Hello all! My name is Kyle and my family and I have a small 2 acre homestead in Arizona and have been working hard to become a little more self sufficient. We currently raise chickens and ducks for eggs, breed rabbits for meat and have various edible plants throughout our property. We plan to raise goats for dairy and meat in the very near future. Honeybees have fascinated me since I was very young. I remember spending hours watching them and even got to a point of comfort with them as to brush them onto my hand to watch closer. So, as our homesteading adventure expands we have decided that raising a hive of honeybees would be a great hobby with some decent rewards. We hope to be ready to collect our first feral swarm next season. I will be looking through the vast information already posted in the forum and asking questions along the way. Thanks for looking!


----------



## Shh-Boom (Mar 11, 2016)

Welcome to our sweet world :applause:


----------



## Dan P (Oct 29, 2014)

welcome. Contact https://www.azbeekeepers.org/home.html. They are located in Phoenix. Some nice people in that group.


----------



## Lappe's Bee Supply (Jun 13, 2016)

Welcome to the forum!


----------



## Nugget Shooter (Mar 28, 2016)

Welcome to the forum, I am in Morristown up Wickenburg way on the 60 if you want to stop up and have a look and my setup. Cheers, Bill


----------



## K Horn (Sep 13, 2016)

Thanks all! 



Dan P said:


> welcome. Contact https://www.azbeekeepers.org/home.html. They are located in Phoenix. Some nice people in that group.
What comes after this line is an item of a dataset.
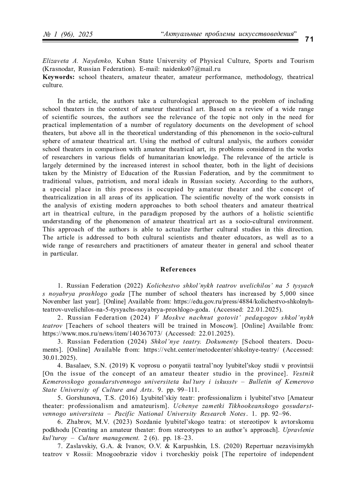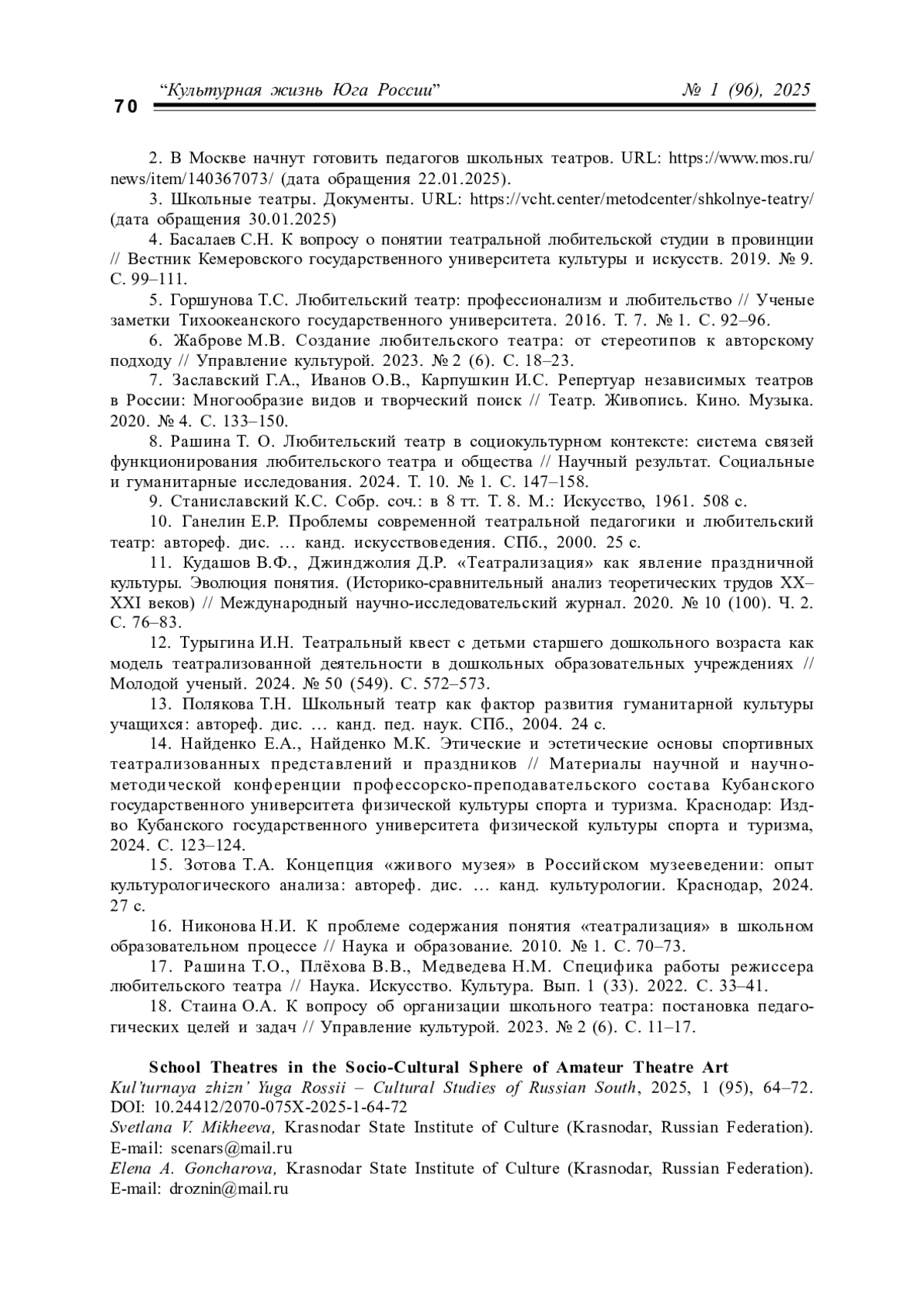 МИХЕЕВА С. В., ГОНЧАРОВА Е. А., НАЙДЕНКО Е. А. ШКОЛЬНЫЕ ТЕАТРЫ В СОЦИОКУЛЬТУРНОЙ СФЕРЕ ЛЮБИТЕЛЬСКОГО ТЕАТРАЛЬНОГО ИСКУССТВА // КУЛЬТУРНАЯ ЖИЗНЬ ЮГА РОССИИ. 2025. № 1 (96)

Yep I have come across that page and hope to go to a future meet when I get a chance.



Nugget Shooter said:


> Welcome to the forum, I am in Morristown up Wickenburg way on the 60 if you want to stop up and have a look and my setup. Cheers, Bill


Thanks Bill.....I just may take you up on that offer some day!


----------



## AmericasBeekeeper (Jan 24, 2010)

Welcome Kyle!


----------



## Joc (Aug 20, 2016)

Hi Kyle. Welcome. Phoenix beekeeper here. Great info here. Beekeepers association meeting is this Thursday Oct 20th at 7pm. Hope you can make it. Joc


----------